> [Instructions for the task]:
Exact copies of the lines below are the goal; any images in them are dropped.

> [The data]:
■ ■ ■ ■
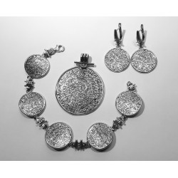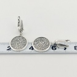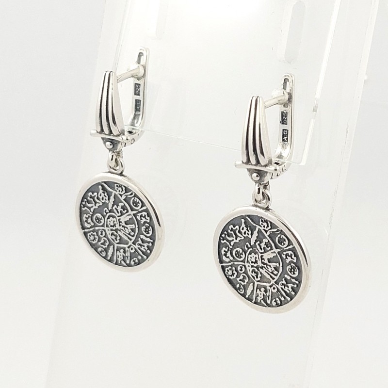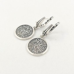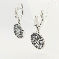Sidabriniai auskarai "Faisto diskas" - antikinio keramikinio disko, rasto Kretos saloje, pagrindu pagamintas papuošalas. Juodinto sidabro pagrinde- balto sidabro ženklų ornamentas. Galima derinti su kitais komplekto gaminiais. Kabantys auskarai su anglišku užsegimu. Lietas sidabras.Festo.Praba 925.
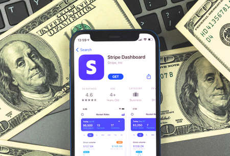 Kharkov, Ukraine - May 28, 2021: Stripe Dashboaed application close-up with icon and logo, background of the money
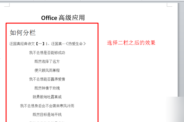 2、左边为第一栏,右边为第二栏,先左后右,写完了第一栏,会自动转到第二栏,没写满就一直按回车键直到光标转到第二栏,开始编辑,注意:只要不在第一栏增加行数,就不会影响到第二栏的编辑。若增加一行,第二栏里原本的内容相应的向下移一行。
■ ■ ■ ■
> [Output]:
Sidabriniai auskarai "Faisto diskas" - antikinio keramikinio disko, rasto Kretos saloje, pagrindu pagamintas papuošalas. Juodinto sidabro pagrinde- balto sidabro ženklų ornamentas. Galima derinti su kitais komplekto gaminiais. Kabantys auskarai su anglišku užsegimu. Lietas sidabras.Festo.Praba 925.
 Kharkov, Ukraine - May 28, 2021: Stripe Dashboaed application close-up with icon and logo, background of the money
 2、左边为第一栏,右边为第二栏,先左后右,写完了第一栏,会自动转到第二栏,没写满就一直按回车键直到光标转到第二栏,开始编辑,注意:只要不在第一栏增加行数,就不会影响到第二栏的编辑。若增加一行,第二栏里原本的内容相应的向下移一行。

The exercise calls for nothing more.